Your goal:
Reproduce all the lines below exactly and omit the images.

Source data:

::::::::::

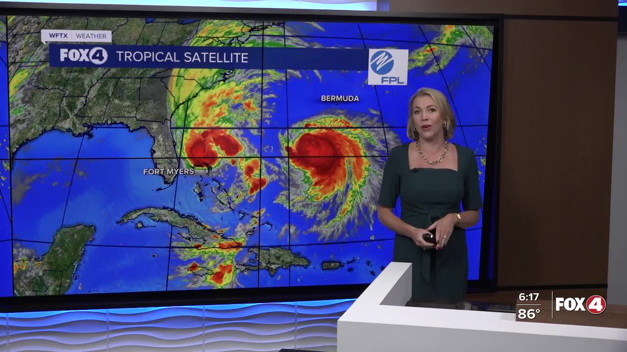 As Imelda runs parallel to Florida's east coast and pulls northeastward, drier air will filter into SWFL, dropping rain chances to 10% tomorrow.
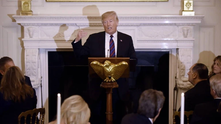 El presidente Donald Trump y la primera dama Melania Trump reciben a líderes evangélicos en una cena
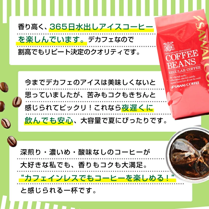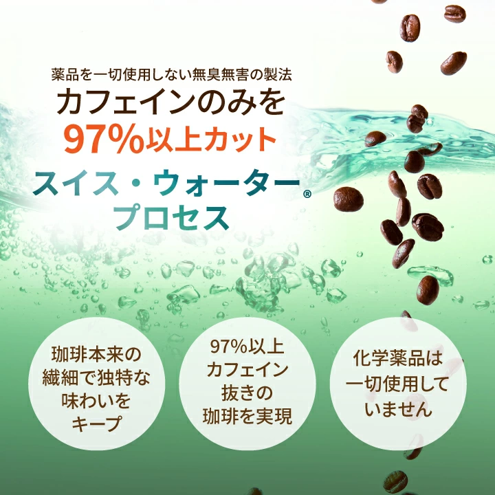 | こんな方にオススメです | 妊娠中や授乳中の方: 「スイス・ウォータープロセス」という方法で化学薬品を使用せずにカフェインを97%以上カットしているため、安心して美味しいコーヒーを楽しめます。 プレゼント、贈り物として:カフェインカットで、妊婦さんやご高齢の方も安心して召し上がれますので贈答品やギフトにもぴったりです。 健康に気を遣っている方: カフェインの過剰摂取を避けたい方や、胃が荒れやすい方にもおすすめです。 |

::::::::::

Reply:
 As Imelda runs parallel to Florida's east coast and pulls northeastward, drier air will filter into SWFL, dropping rain chances to 10% tomorrow.
 El presidente Donald Trump y la primera dama Melania Trump reciben a líderes evangélicos en una cena
 | こんな方にオススメです | 妊娠中や授乳中の方: 「スイス・ウォータープロセス」という方法で化学薬品を使用せずにカフェインを97%以上カットしているため、安心して美味しいコーヒーを楽しめます。 プレゼント、贈り物として:カフェインカットで、妊婦さんやご高齢の方も安心して召し上がれますので贈答品やギフトにもぴったりです。 健康に気を遣っている方: カフェインの過剰摂取を避けたい方や、胃が荒れやすい方にもおすすめです。 |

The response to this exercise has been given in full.